Execution order of SQL statement:
FROM <left_table> ON <join_condition> <join_type> JOIN <right_table> WHERE <where_condition> GROUP BY <group_by_list> HAVING <having_condition> SELECT DISTINCT <select_list> ORDER BY <order_by_condition> LIMIT <limit_number>
1. LIMIT statement
Paging query is one of the most commonly used scenarios, but it is also the most prone to problems. For example, for the following simple statements, the general way DBA s think of is to add a composite index to the fields of type, name, create "time.
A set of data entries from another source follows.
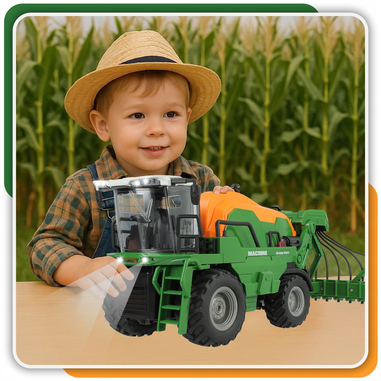 Цей реалістичний трактор з розпилювачем є справжнім частуванням для кожного маленького любителя сільськогосподарських машин. Світлодіодні світильники, звуки двигуна та робочий розпилювач зроблять задоволення захоплюючою пригодою. Це ідеальна ідея для подарунка, який довго радує та приверне увагу дитини!
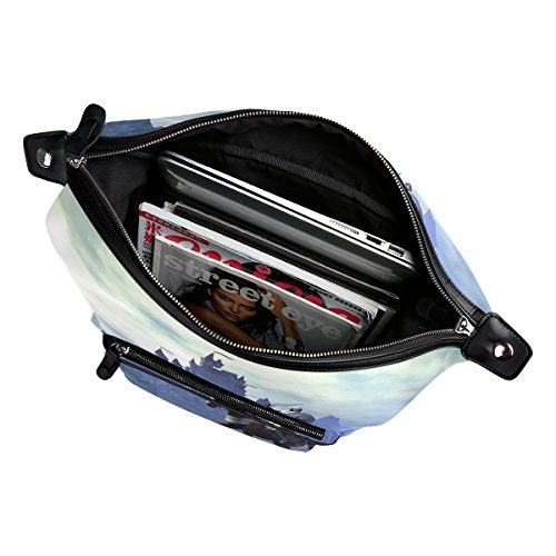 Large enough to hold many random items, books, slim laptops and so on 类型:涤纶+皮革 多面印花 包高:35cm 包宽:34cm 包底宽:17cm 肩带可调节最长:96cm 涤纶+皮革材质,DIY个性定制图案,轻便、耐用、时尚。 一个主容量袋,2个侧袋,1个前面拉链口袋,内里2个小收纳格、1个拉链暗袋,多口袋设计,容量适中,放取便捷。 可收纳笔记本电脑和日常随身物品,细节性卡扣设计,多功能不失时尚美观。 采用双拉链设计,手提采用皮革材质,手感舒适。可调节肩带。 温馨提示:为了确保最高质量的打印,请注意,该产品的建议上传的图像大小为像素(L x W):4000x 4000或更高
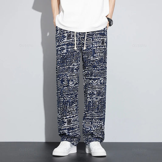 Casual Ice Silk Sports Loose Fashion 2024 Streetwear Men Pants
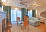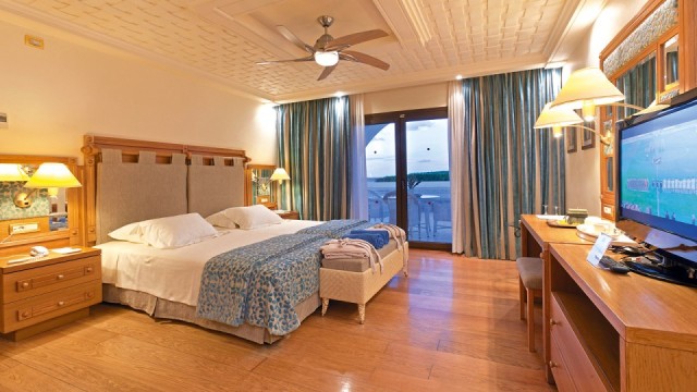 центральный кондиционер c индивидуальным управлением (середина мая - середина сентября), телефон, доступ к интернету, спутниковое телевидение с российским и музыкальным каналами, сейф, холодильник/мини-бар (по запросу, содержимое платно), ванная комната: ванна, фен, тапочки, косметические принадлежности; балкон/терраса. Дополнительно в виллах: CD-плеер (кроме Junior Suite Sharing Pool), Wi-Fi (200 МБ в сутки/устройство - бесплатно); ванная с джакузи, мини-бар (платно); за исключением Junior Suite Sharing Pool и Knossos Suite Sharing Pool: эспрессо-машина, домашний кинотеатр, набор для чистки обуви, в ванной комнате душ. Дополнительные услуги: экспресс-регистрация; обслуживание официантом на частном пляже и у бассейна (по запросу); свежая пресса (по запросу). Ежедневно: тарелка с канапе и традиционными сладостями (кроме Junior Suite)
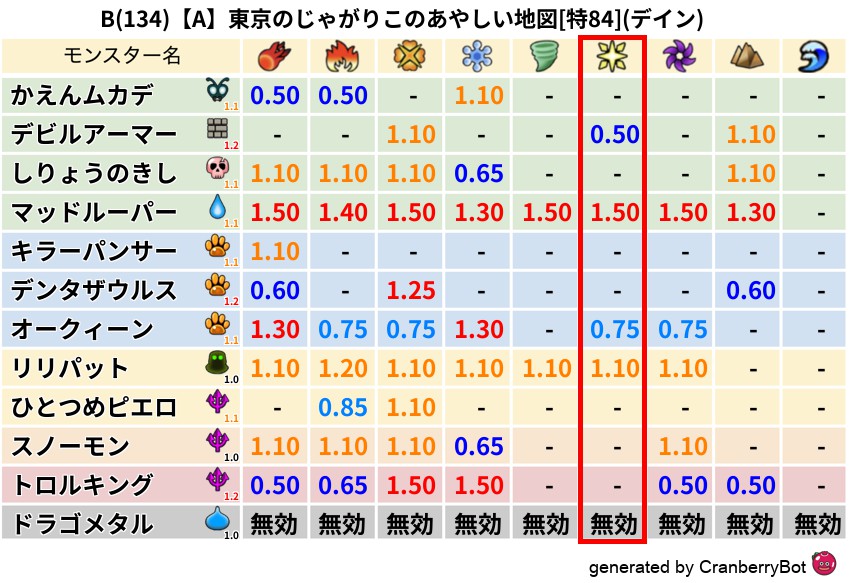 デイン(38%) - 超耐性・弱耐性なし
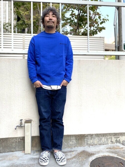 ブルーのスウェットがデニムのブルーと同系色で相性がよく華やかな印象をかもしだしています。ジーンズの脱力感のあるサイズ感がいい抜け感が出て、バランスよく着こなしていますね。
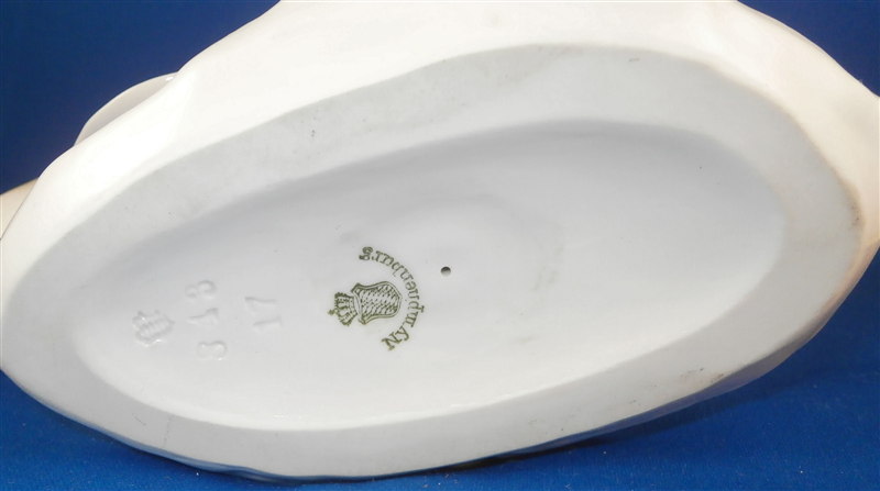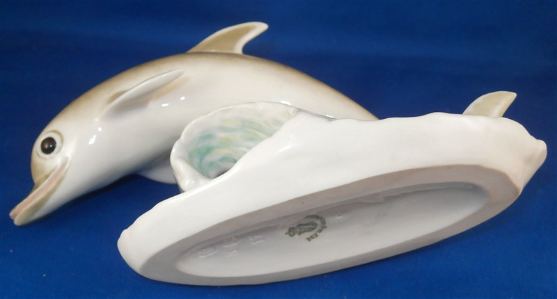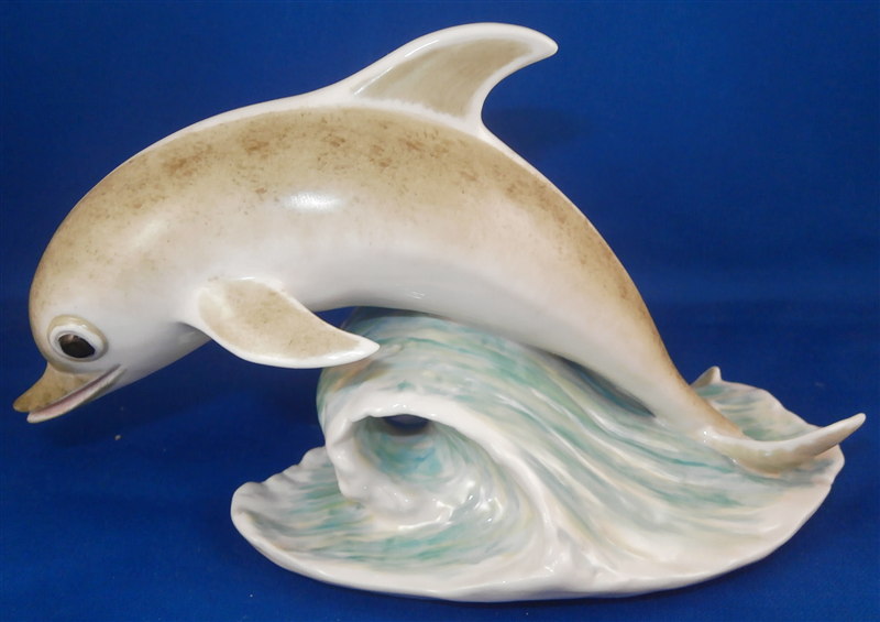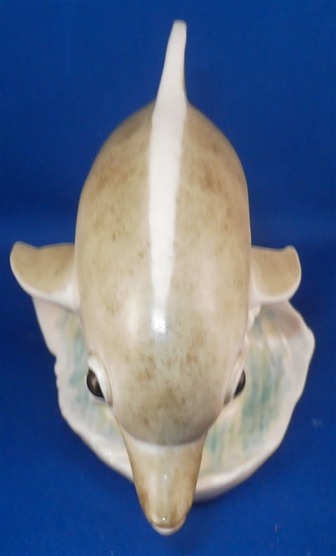 This is a figurine of a dolphin made by Nymphenburg during the mid 20th century. An unusual piece one does not see often at all! Designed by the famous Terletzki-Scherf so you know it is a superb piece! It is modeled perfectly and handpainted nicely as well. The figurine is 4 inches tall, 3.125 inches wide and 6.75 inches long so a nice size. It is marked with the impressed shield mark underneath with the number 843 over 17 underneath it. Also marked with the green shield mark with the word Nymphenburg. The piece is in perfect condition. Please email me for more information or other pictures.

In this way, conditional sorting can effectively utilize index and improve performance rapidly.
SELECT *
FROM operation
WHERE type = 'SQLStats'
AND name = 'SlowLog'
ORDER BY create_time
LIMIT 1000, 10;Well, maybe more than 90% of DBA s solve this problem. But when the LIMIT clause becomes "LIMIT 1000000,10", programmers will still complain: why am I still slow to take only 10 records?
To know that the database does not know where the 1000000 record starts, even if there is an index, it needs to be calculated from the beginning. When this performance problem occurs, programmers are lazy in most cases.
In the scenario of front-end data browsing and page turning, or batch export of big data, the maximum value of the previous page can be regarded as a parameter as a query condition. SQL is redesigned as follows:
SELECT * FROM operation WHERE type = 'SQLStats' AND name = 'SlowLog' AND create_time > '2017-03-16 14:00:00' ORDER BY create_time limit 10;
Under the new design, the query time is basically fixed and will not change with the growth of data volume.
2. Implicit conversion
Another common error in SQL statements is the mismatch between query variables and field definition types. For example, the following statement:
mysql> explain extended SELECT *
> FROM my_balance b
> WHERE b.bpn = 14000000123
> AND b.isverified IS NULL ;
mysql> show warnings;
| Warning | 1739 | Cannot use ref access on index 'bpn' due to type or collation conversion on field 'bpn'The field bpn is defined as varchar(20), and MySQL's strategy is to convert strings to numbers and then compare them. Function acts on a table field and the index fails.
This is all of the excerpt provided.